A senior Palestinian health official says the lives of at least 400 people are at risk as funds required for kidney dialysis medications in the besieged Gaza Strip are running out.
"We are suffering from difficulty in procurement of funds required for the [health] ministry’s operating expenses. They are estimated at more than USD 2.5 million a month," the Palestinian Information Center quoted Gaza’s Health Minister, Bassem Naim, as saying on Tuesday.
He added that the Israeli economic blockade is to blame for a critical shortage in spare parts needed to fix failing medical machines.

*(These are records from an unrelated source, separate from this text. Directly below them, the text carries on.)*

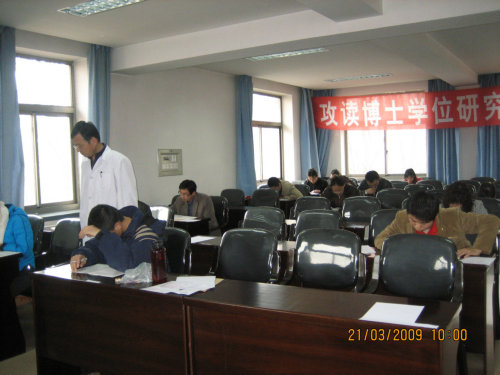 2009年3月21日、22日,我所2009年秋季博士入学考试在我所标本馆401教室如期举行,本着公开、公正、公平的考试原则,监考人员认真履行工作职责,为考生提供良好的考试环境,尽职尽责保证考试的顺利进行。考试期间我所主管研究生教育的所领导陈世龙副所长亲临考场进行巡视。
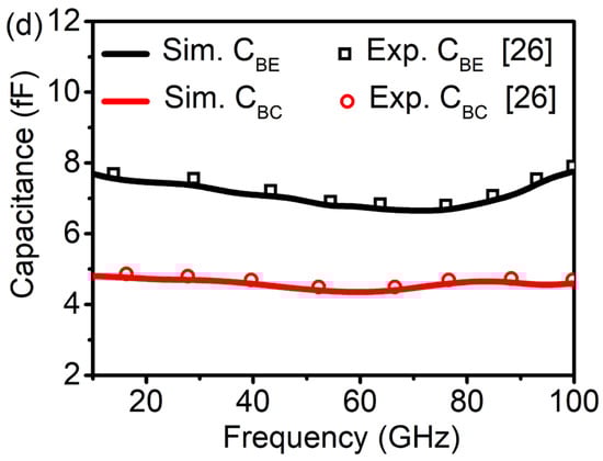 Forward Gummel characteristics, shown in Figure 3b, are reproduced with experimental data [] at 300 K with an emitter area of 0.42 × 5.56 µm2 on 55 nm SiGe HBT. The advanced SiGe HBT in 55 nm BiCMOS uses a reduced emitter area size of 0.1 × 4.9 µm2 for the high-performance target that has been considered in our simulation. The TCAD has the facility to provide frequency dependent small-signal AC analysis with temperature-dependent physical models. The fT, fmax and junction capacitance reproduced with experimental data [,] are shown in Figure 3c,d on the same technology of 55 nm SiGe HBT.
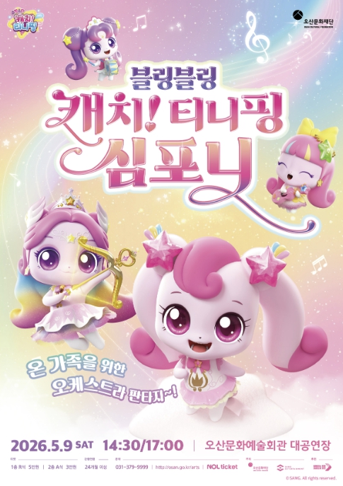 [뉴스앤톡] 오산문화재단은 어린이날을 맞아 온 가족이 함께 즐길 수 있는 오케스트라 공연 ‘블링블링 캐치! 티니핑 심포니’를 선보인다고 밝혔다. 이번 공연은 인기 애니메이션 ‘캐치! 티니핑’ 시리즈의 OST를 오케스트라 라이브로 감상할 수 있는 무대로, 어린이뿐 아니라 가족 단위 관람객들에게 특별한 문화 경험을 제공할 예정이다.
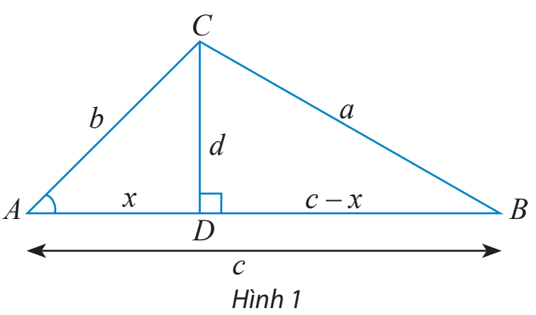 a) Cho tam giác ABC không phải là tam giác vuông với góc A nhọn và ˆC≥ˆB. Vẽ đường cao CD và đặt tên các độ dài như trong Hình 1.
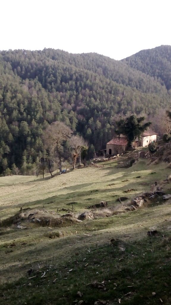 Une fois que nous laissions pour de bon le torrent, nous remontons encore une partie de la montagne afin d'obtenir un panorama sur les lointaines Pyrénées enneigées. Le chemin traversait des prés de brebis, moutons et vaches, ce qui faisait que nous avions un sous-bois vraiment propre à l'herbe rase. Par ailleurs, après ce sous-bois entretenu, nous déboulions sur une grande prairie où une grange isolée me faisait penser à Heidi immédiatement. En revanche, le grand-père qui y vit fut moins amical. Il nous gueula dessus sous prétexte que les moutons eurent peur du chien d'une des randonneuses, mais l'animal n'avait pas broncher ni couru après les bêtes. Les moutons ont été effrayés par l'arrivée d'un groupe de 20 randonneurs, oui (Ils ont des réactions stupides, c'est connu) ! Bref, une altercation un peu contrariante mais pas de mal pour les deux parties.
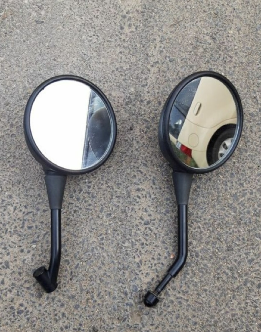 Зеркала. Они обычные круглые, как на советской мототехнике. Видно в них плохо, а в купе с вибрациями, картинка совсем «плывёт». То есть они есть, спасибо, но на этом всё.
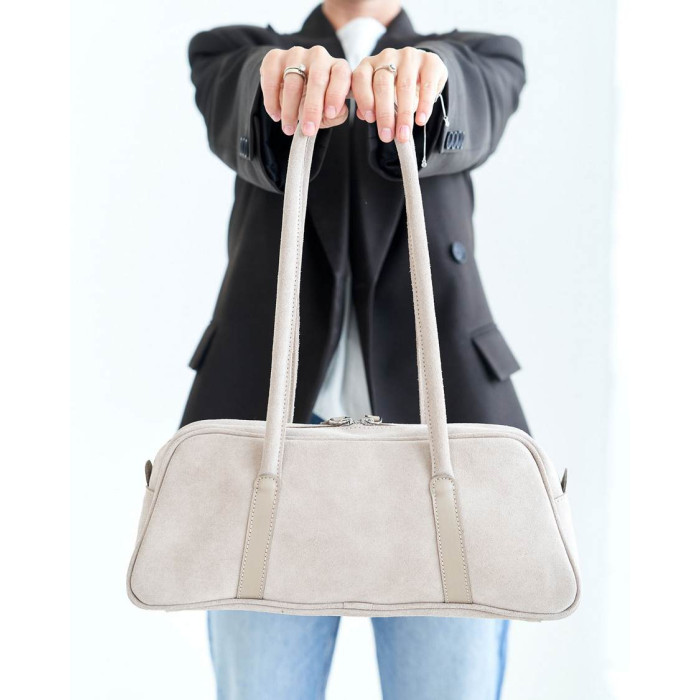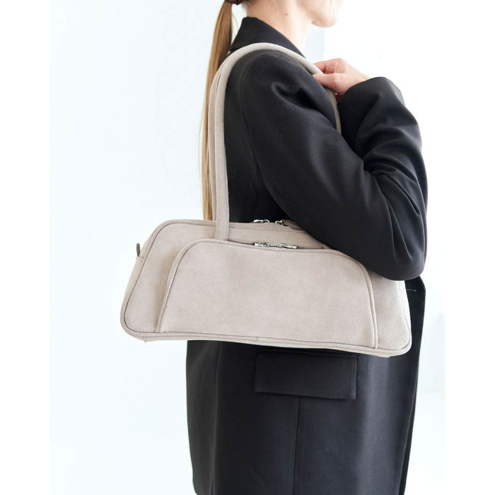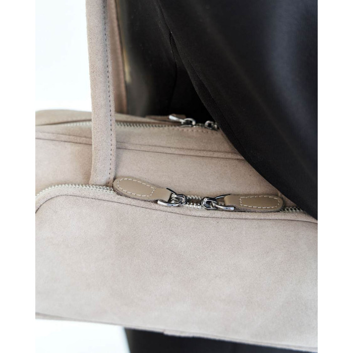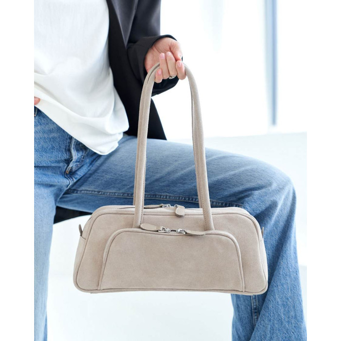Замшева жіноча сумка К73059 від виробника «Welassie» Україна, колір бежевий, матеріал натуральна замшева. Сумка відкривається за допомогою блискавки. Усередині сумка має одну відкриту кишеню і на змійці.Зовні є кишеня для дрібних предметів.

Israel laid an economic siege on the Gaza Strip in June 2007, after Hamas took control of the enclave.
The Israeli-imposed blockade has had a disastrous impact on the humanitarian and economic situation in the Gaza Strip.
Some 1.5 million people are being denied their basic rights, including freedom of movement, and their rights to appropriate living conditions, work, health and education. Poverty and unemployment rates stand at approximately 80 percent and 60 percent, respectively, in the Gaza Strip.
More than 1,400 Palestinians were killed during the three-week Israeli land, sea and air offensive in the impoverished coastal sliver at the turn of 2009. The offensive also inflicted USD 1.6 billion in damages to the Gazan economy.